Problem statement. Where the data below contains pictures, omit them; output the rest word for word.

(Data excerpts)

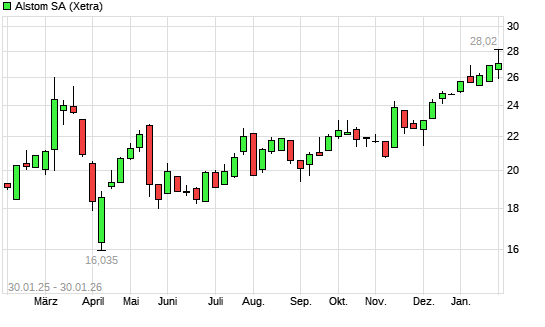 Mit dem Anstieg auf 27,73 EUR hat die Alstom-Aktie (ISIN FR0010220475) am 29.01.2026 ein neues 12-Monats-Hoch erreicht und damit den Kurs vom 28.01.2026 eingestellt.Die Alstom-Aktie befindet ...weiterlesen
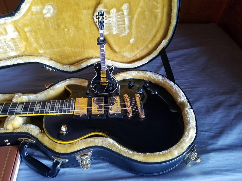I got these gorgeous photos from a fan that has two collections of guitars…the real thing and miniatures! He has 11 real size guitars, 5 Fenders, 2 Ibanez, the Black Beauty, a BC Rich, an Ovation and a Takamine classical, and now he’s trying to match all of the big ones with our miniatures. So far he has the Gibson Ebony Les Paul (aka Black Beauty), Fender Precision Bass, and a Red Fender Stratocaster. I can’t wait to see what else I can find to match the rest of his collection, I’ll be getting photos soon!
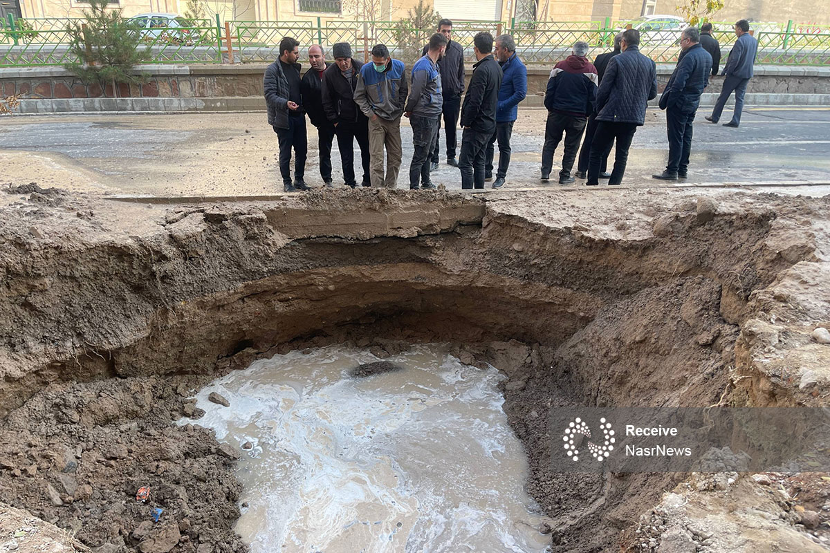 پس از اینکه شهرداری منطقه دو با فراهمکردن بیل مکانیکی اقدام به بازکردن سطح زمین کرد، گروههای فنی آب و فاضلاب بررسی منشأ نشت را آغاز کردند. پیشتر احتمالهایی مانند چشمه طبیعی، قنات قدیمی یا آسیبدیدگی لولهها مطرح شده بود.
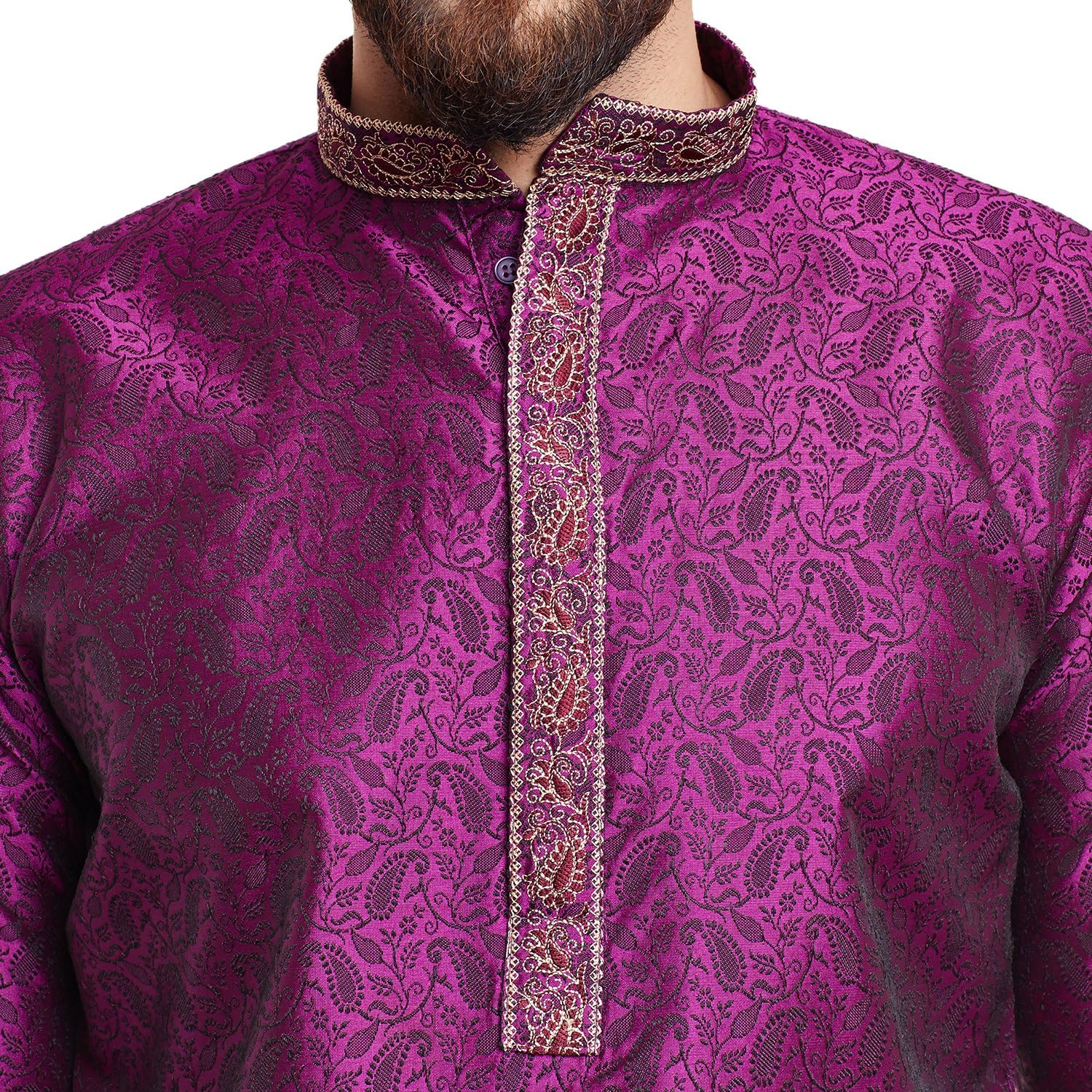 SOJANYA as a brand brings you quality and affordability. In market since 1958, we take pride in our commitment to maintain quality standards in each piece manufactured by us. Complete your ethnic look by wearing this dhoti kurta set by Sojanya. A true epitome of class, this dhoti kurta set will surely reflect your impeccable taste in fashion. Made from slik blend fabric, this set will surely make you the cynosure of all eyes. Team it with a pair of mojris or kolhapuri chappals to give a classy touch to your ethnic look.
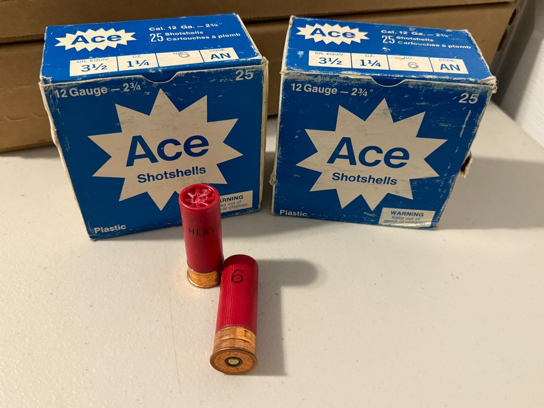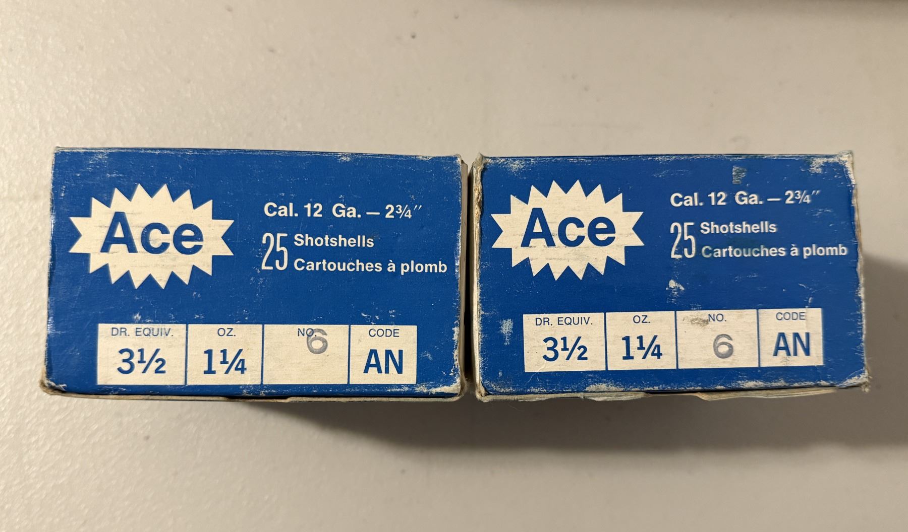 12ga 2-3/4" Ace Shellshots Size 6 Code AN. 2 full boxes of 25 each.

Exercise result.
 Mit dem Anstieg auf 27,73 EUR hat die Alstom-Aktie (ISIN FR0010220475) am 29.01.2026 ein neues 12-Monats-Hoch erreicht und damit den Kurs vom 28.01.2026 eingestellt.Die Alstom-Aktie befindet ...weiterlesen
I got these gorgeous photos from a fan that has two collections of guitars…the real thing and miniatures! He has 11 real size guitars, 5 Fenders, 2 Ibanez, the Black Beauty, a BC Rich, an Ovation and a Takamine classical, and now he’s trying to match all of the big ones with our miniatures. So far he has the Gibson Ebony Les Paul (aka Black Beauty), Fender Precision Bass, and a Red Fender Stratocaster. I can’t wait to see what else I can find to match the rest of his collection, I’ll be getting photos soon!
 پس از اینکه شهرداری منطقه دو با فراهمکردن بیل مکانیکی اقدام به بازکردن سطح زمین کرد، گروههای فنی آب و فاضلاب بررسی منشأ نشت را آغاز کردند. پیشتر احتمالهایی مانند چشمه طبیعی، قنات قدیمی یا آسیبدیدگی لولهها مطرح شده بود.
 SOJANYA as a brand brings you quality and affordability. In market since 1958, we take pride in our commitment to maintain quality standards in each piece manufactured by us. Complete your ethnic look by wearing this dhoti kurta set by Sojanya. A true epitome of class, this dhoti kurta set will surely reflect your impeccable taste in fashion. Made from slik blend fabric, this set will surely make you the cynosure of all eyes. Team it with a pair of mojris or kolhapuri chappals to give a classy touch to your ethnic look.
 12ga 2-3/4" Ace Shellshots Size 6 Code AN. 2 full boxes of 25 each.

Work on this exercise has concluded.